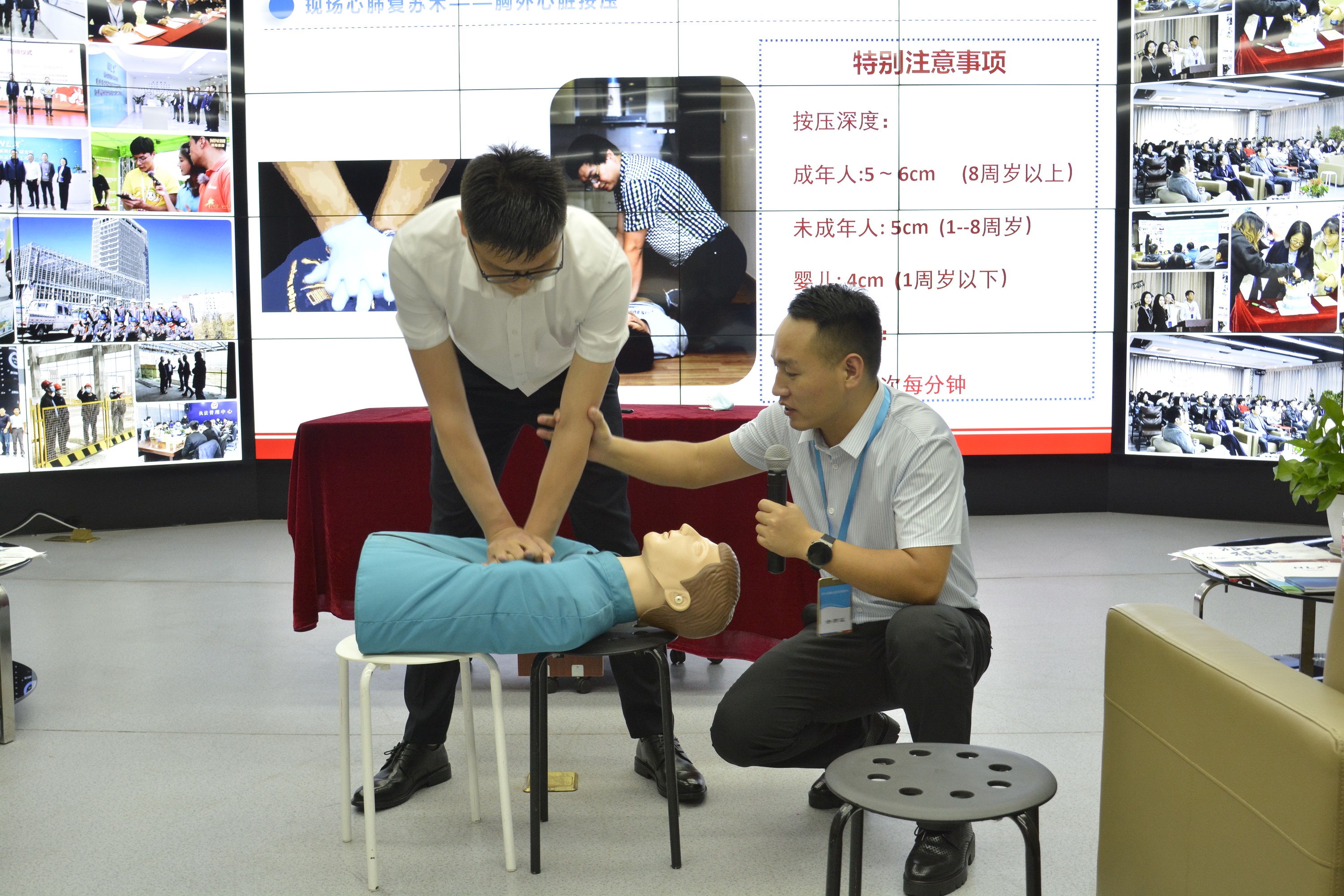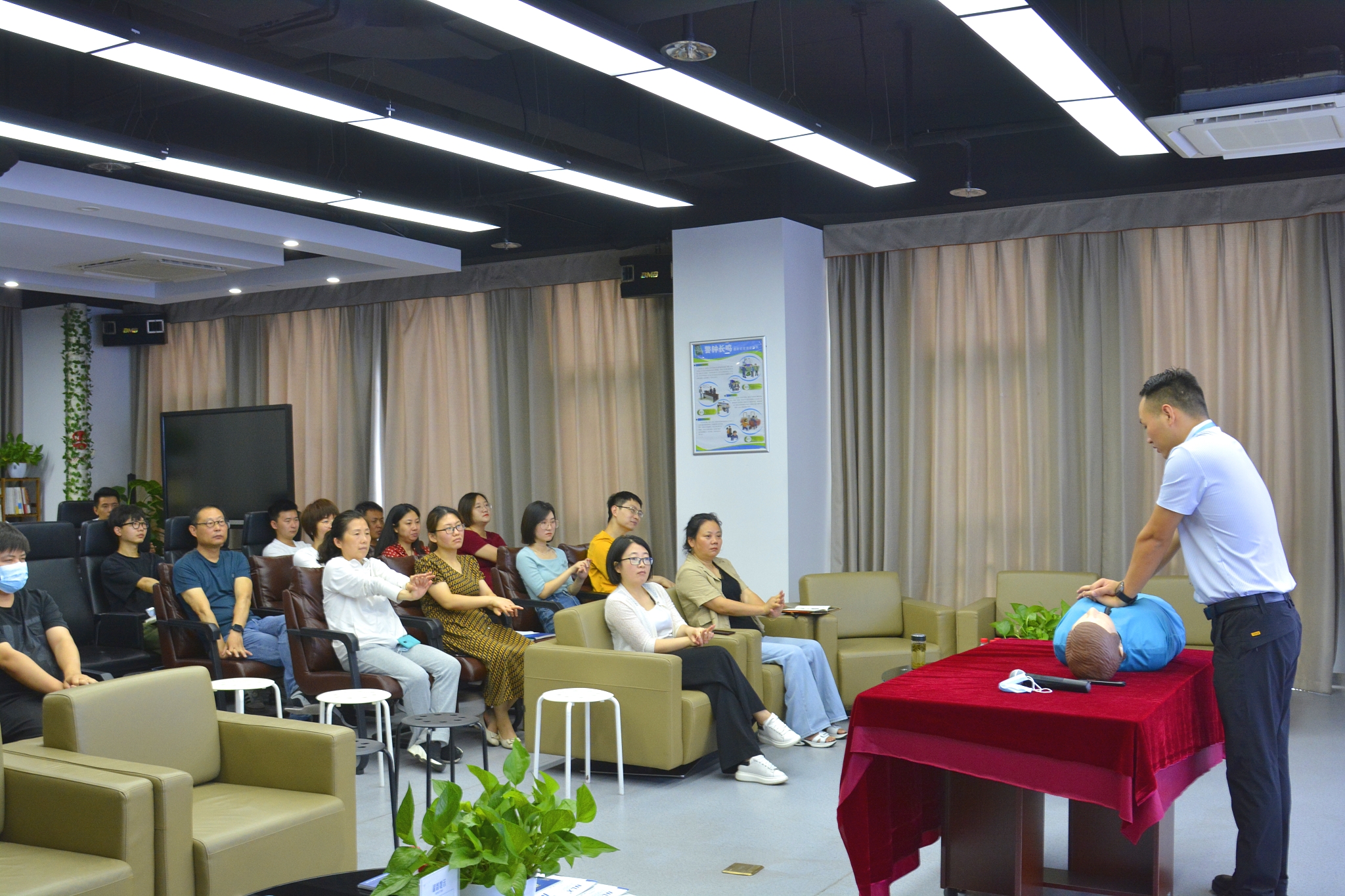 活動中,任樂義老師生動幽默地為大家講解了突發(fā)意外傷害的急救處理方法,并現(xiàn)場演示了心肺復蘇術、人工呼吸、海姆立克急救法等相關救護操作,同時給大家普及了重大疾病案例分析及預防措施、亞健康、慢性疾病的預防,包括肺癌、肝癌、胃癌、宮頸癌、慢性病等早期信號及預防方法。同事們認真聆聽,細心觀看,還現(xiàn)場進行了操作演練。
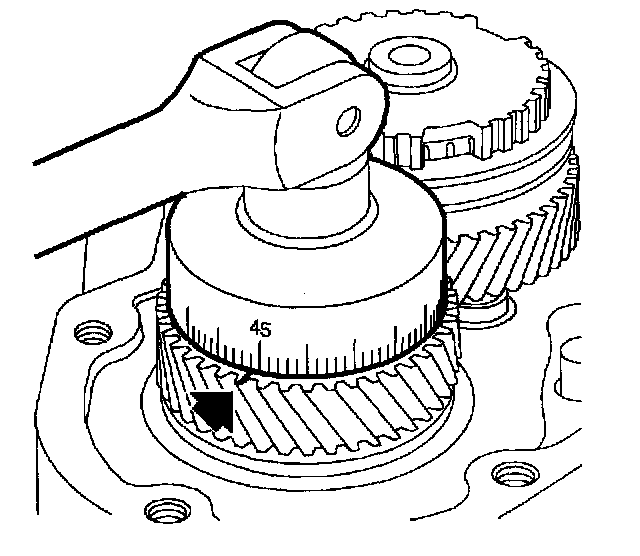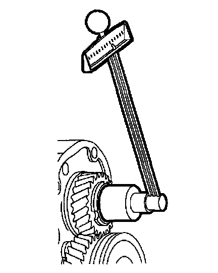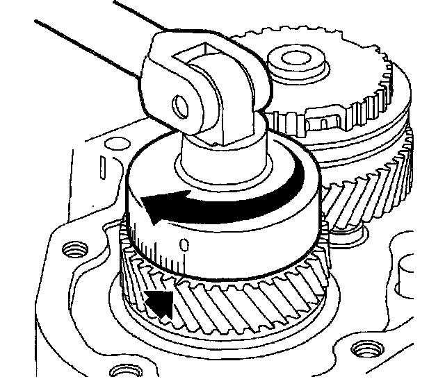 53. Install Inch Pound Torque Wrench J7754-C (or equivalent) on output shaft nut. Transaxle must be in neutral. Rotate wrench clockwise at an even speed. Read average value during rotation.
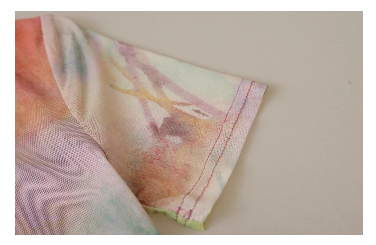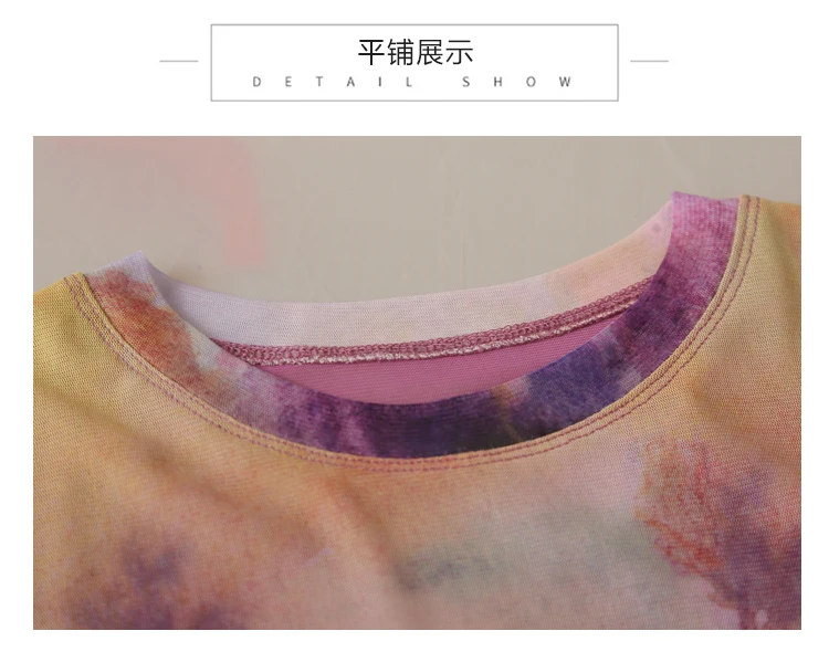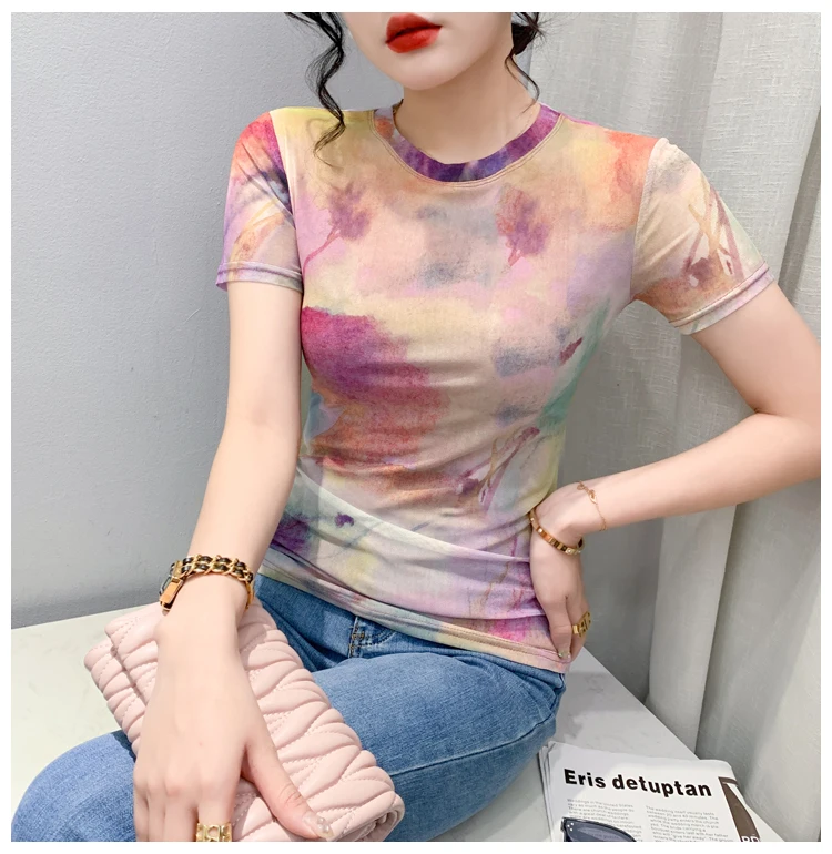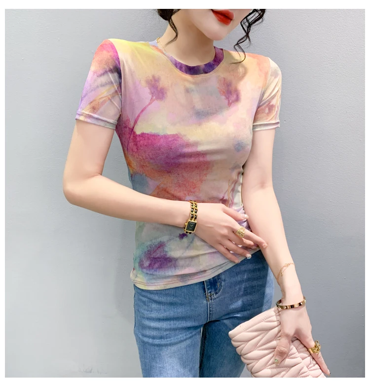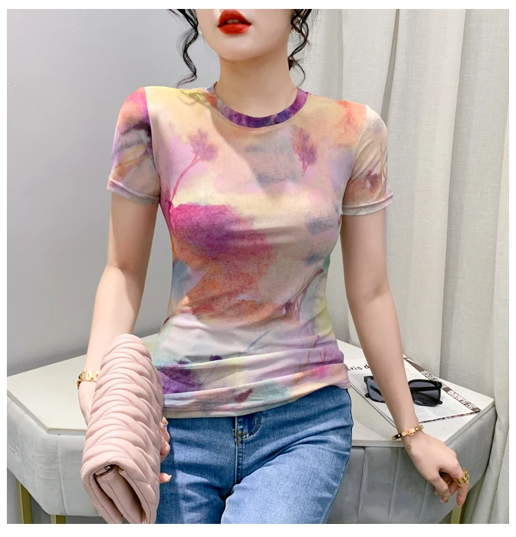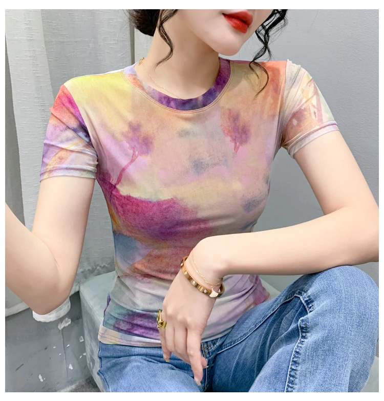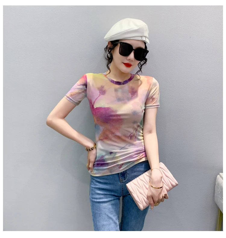 الصيف بسط شبكة تي شيرت المرأة س الرقبة ضئيلة قصيرة الأكمام التعادل مصبوغ مطبوعة تي شيرت الإناث أنيقة
========
WHAT THE TASK ASKS:
Reproduce the lines above letter for letter. The pictures stay behind.

RESULT OF THIS EXERCISE:
 活動中,任樂義老師生動幽默地為大家講解了突發(fā)意外傷害的急救處理方法,并現(xiàn)場演示了心肺復蘇術、人工呼吸、海姆立克急救法等相關救護操作,同時給大家普及了重大疾病案例分析及預防措施、亞健康、慢性疾病的預防,包括肺癌、肝癌、胃癌、宮頸癌、慢性病等早期信號及預防方法。同事們認真聆聽,細心觀看,還現(xiàn)場進行了操作演練。
 53. Install Inch Pound Torque Wrench J7754-C (or equivalent) on output shaft nut. Transaxle must be in neutral. Rotate wrench clockwise at an even speed. Read average value during rotation.
 الصيف بسط شبكة تي شيرت المرأة س الرقبة ضئيلة قصيرة الأكمام التعادل مصبوغ مطبوعة تي شيرت الإناث أنيقة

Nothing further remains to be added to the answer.